What the task asks ▸
Line by line, restate the listing below without any change.

▼

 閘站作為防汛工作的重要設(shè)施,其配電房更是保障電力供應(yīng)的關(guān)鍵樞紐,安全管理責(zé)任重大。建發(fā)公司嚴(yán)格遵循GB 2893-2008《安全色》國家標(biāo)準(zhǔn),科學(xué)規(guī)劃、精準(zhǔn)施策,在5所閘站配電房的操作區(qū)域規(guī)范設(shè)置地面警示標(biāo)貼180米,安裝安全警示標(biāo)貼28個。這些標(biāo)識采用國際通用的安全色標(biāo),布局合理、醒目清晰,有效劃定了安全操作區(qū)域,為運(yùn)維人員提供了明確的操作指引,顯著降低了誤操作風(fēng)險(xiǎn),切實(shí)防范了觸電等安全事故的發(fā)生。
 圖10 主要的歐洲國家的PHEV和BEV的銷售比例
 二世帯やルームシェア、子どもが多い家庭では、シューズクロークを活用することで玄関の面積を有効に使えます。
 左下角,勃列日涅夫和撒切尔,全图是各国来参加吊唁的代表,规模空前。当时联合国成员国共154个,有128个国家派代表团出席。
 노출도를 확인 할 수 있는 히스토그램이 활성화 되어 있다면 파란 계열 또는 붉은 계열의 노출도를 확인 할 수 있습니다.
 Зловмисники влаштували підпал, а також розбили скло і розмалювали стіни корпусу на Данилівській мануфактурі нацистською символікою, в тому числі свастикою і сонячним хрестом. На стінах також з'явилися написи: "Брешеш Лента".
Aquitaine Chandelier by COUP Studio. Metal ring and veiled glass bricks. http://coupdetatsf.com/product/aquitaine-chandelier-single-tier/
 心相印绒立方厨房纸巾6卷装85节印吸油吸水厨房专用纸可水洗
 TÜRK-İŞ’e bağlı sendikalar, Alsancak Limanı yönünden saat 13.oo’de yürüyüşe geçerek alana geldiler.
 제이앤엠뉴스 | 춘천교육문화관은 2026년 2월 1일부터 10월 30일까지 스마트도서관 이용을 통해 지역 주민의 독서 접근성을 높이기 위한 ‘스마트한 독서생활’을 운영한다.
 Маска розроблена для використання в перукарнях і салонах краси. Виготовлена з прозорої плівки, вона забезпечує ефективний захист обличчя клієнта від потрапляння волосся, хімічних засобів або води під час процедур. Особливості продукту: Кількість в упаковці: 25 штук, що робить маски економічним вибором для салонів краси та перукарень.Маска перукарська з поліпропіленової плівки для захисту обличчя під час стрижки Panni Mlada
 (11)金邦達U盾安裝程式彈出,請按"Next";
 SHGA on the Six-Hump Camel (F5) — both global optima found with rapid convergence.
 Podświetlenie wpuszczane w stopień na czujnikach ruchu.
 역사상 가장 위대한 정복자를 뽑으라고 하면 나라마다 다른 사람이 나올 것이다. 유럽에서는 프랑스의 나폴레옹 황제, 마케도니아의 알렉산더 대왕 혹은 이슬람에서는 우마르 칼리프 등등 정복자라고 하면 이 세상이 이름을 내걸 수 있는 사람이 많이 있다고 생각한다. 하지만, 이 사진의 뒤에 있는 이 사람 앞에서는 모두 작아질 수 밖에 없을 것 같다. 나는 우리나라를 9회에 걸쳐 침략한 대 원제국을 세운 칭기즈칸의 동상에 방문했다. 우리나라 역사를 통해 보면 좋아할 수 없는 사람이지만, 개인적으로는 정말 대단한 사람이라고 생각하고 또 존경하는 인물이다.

▲

Task response ▸
 閘站作為防汛工作的重要設(shè)施,其配電房更是保障電力供應(yīng)的關(guān)鍵樞紐,安全管理責(zé)任重大。建發(fā)公司嚴(yán)格遵循GB 2893-2008《安全色》國家標(biāo)準(zhǔn),科學(xué)規(guī)劃、精準(zhǔn)施策,在5所閘站配電房的操作區(qū)域規(guī)范設(shè)置地面警示標(biāo)貼180米,安裝安全警示標(biāo)貼28個。這些標(biāo)識采用國際通用的安全色標(biāo),布局合理、醒目清晰,有效劃定了安全操作區(qū)域,為運(yùn)維人員提供了明確的操作指引,顯著降低了誤操作風(fēng)險(xiǎn),切實(shí)防范了觸電等安全事故的發(fā)生。
 圖10 主要的歐洲國家的PHEV和BEV的銷售比例
 二世帯やルームシェア、子どもが多い家庭では、シューズクロークを活用することで玄関の面積を有効に使えます。
 左下角,勃列日涅夫和撒切尔,全图是各国来参加吊唁的代表,规模空前。当时联合国成员国共154个,有128个国家派代表团出席。
 노출도를 확인 할 수 있는 히스토그램이 활성화 되어 있다면 파란 계열 또는 붉은 계열의 노출도를 확인 할 수 있습니다.
 Зловмисники влаштували підпал, а також розбили скло і розмалювали стіни корпусу на Данилівській мануфактурі нацистською символікою, в тому числі свастикою і сонячним хрестом. На стінах також з'явилися написи: "Брешеш Лента".
Aquitaine Chandelier by COUP Studio. Metal ring and veiled glass bricks. http://coupdetatsf.com/product/aquitaine-chandelier-single-tier/
 心相印绒立方厨房纸巾6卷装85节印吸油吸水厨房专用纸可水洗
 TÜRK-İŞ’e bağlı sendikalar, Alsancak Limanı yönünden saat 13.oo’de yürüyüşe geçerek alana geldiler.
 제이앤엠뉴스 | 춘천교육문화관은 2026년 2월 1일부터 10월 30일까지 스마트도서관 이용을 통해 지역 주민의 독서 접근성을 높이기 위한 ‘스마트한 독서생활’을 운영한다.
 Маска розроблена для використання в перукарнях і салонах краси. Виготовлена з прозорої плівки, вона забезпечує ефективний захист обличчя клієнта від потрапляння волосся, хімічних засобів або води під час процедур. Особливості продукту: Кількість в упаковці: 25 штук, що робить маски економічним вибором для салонів краси та перукарень.Маска перукарська з поліпропіленової плівки для захисту обличчя під час стрижки Panni Mlada
 (11)金邦達U盾安裝程式彈出,請按"Next";
 SHGA on the Six-Hump Camel (F5) — both global optima found with rapid convergence.
 Podświetlenie wpuszczane w stopień na czujnikach ruchu.
 역사상 가장 위대한 정복자를 뽑으라고 하면 나라마다 다른 사람이 나올 것이다. 유럽에서는 프랑스의 나폴레옹 황제, 마케도니아의 알렉산더 대왕 혹은 이슬람에서는 우마르 칼리프 등등 정복자라고 하면 이 세상이 이름을 내걸 수 있는 사람이 많이 있다고 생각한다. 하지만, 이 사진의 뒤에 있는 이 사람 앞에서는 모두 작아질 수 밖에 없을 것 같다. 나는 우리나라를 9회에 걸쳐 침략한 대 원제국을 세운 칭기즈칸의 동상에 방문했다. 우리나라 역사를 통해 보면 좋아할 수 없는 사람이지만, 개인적으로는 정말 대단한 사람이라고 생각하고 또 존경하는 인물이다.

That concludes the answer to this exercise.